2. Not Getting Enough Exercise

Regular physical activity is important for maintaining a healthy weight and reducing the risk of chronic diseases. Aim to get at least 30 minutes of moderate-intensity physical activity on most days of the week. This can include walking, jogging, swimming, or biking.

3. Not Drinking Enough Water

Staying hydrated is essential for overall health. Aim to drink at least eight glasses of water each day. This can help keep your skin looking healthy and reduce the risk of dehydration.

4. Not Getting Enough Sleep

Getting enough sleep is important for maintaining a healthy weight and reducing the risk of chronic diseases. Aim to get at least seven to eight hours of sleep each night. This can help you feel more energized and alert during the day.

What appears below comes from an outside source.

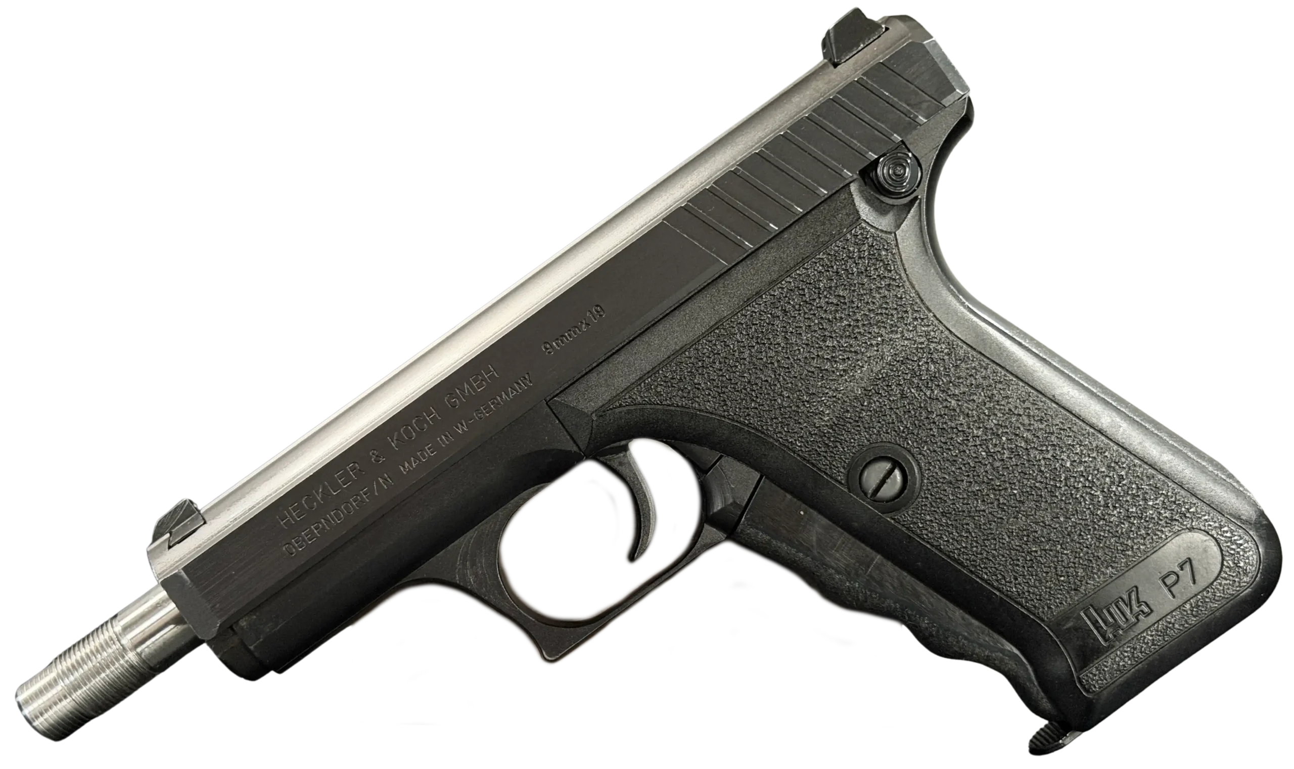 The Heckler & Koch P7 is one of the most distinctive pistol designs of its era, known for its innovative engineering and unmistakable profile. This Heckler & Koch P7SD configuration features a threaded barrel extension and the hallmark squeeze-cocker mechanism integrated into the front strap.

5. Not Eating Enough Protein

Protein is an important nutrient for maintaining muscle mass and reducing the risk of chronic diseases. Aim to eat at least 0.8 grams of protein per kilogram of body weight each day. This can include lean meats, fish, eggs, beans, and nuts.

6. Not Taking Supplements

As women age, their bodies may not be able to absorb certain vitamins and minerals as efficiently as before. Taking a multivitamin or other supplements can help ensure you’re getting the nutrients you need. Talk to your doctor about which supplements are right for you.

7. Not Seeing Your Doctor Regularly

Regular check-ups with your doctor are important for maintaining good health. Make sure to schedule regular check-ups and screenings to stay on top of your health. This can help detect any potential health issues early on.

By avoiding these common health mistakes, women over 40 can stay healthy and reduce their risk of chronic diseases. Eating a balanced diet, getting regular exercise, and seeing your doctor regularly are all important steps for staying healthy.

Your 40s should be filled with years of good health, celebrating accomplishments and taking time to enjoy the life you’ve built. But it’s also a time when you have to worry about breast cancer screenings, perimenopause and hormonal changes. To ensure you’re living your best decade ever ditching bad health habits is a must and experts we spoke with recommend stop doing the following ASSP.  Read on—and to ensure your health and the health of others, don’t miss these Sure Signs You’ve Already Had COVID.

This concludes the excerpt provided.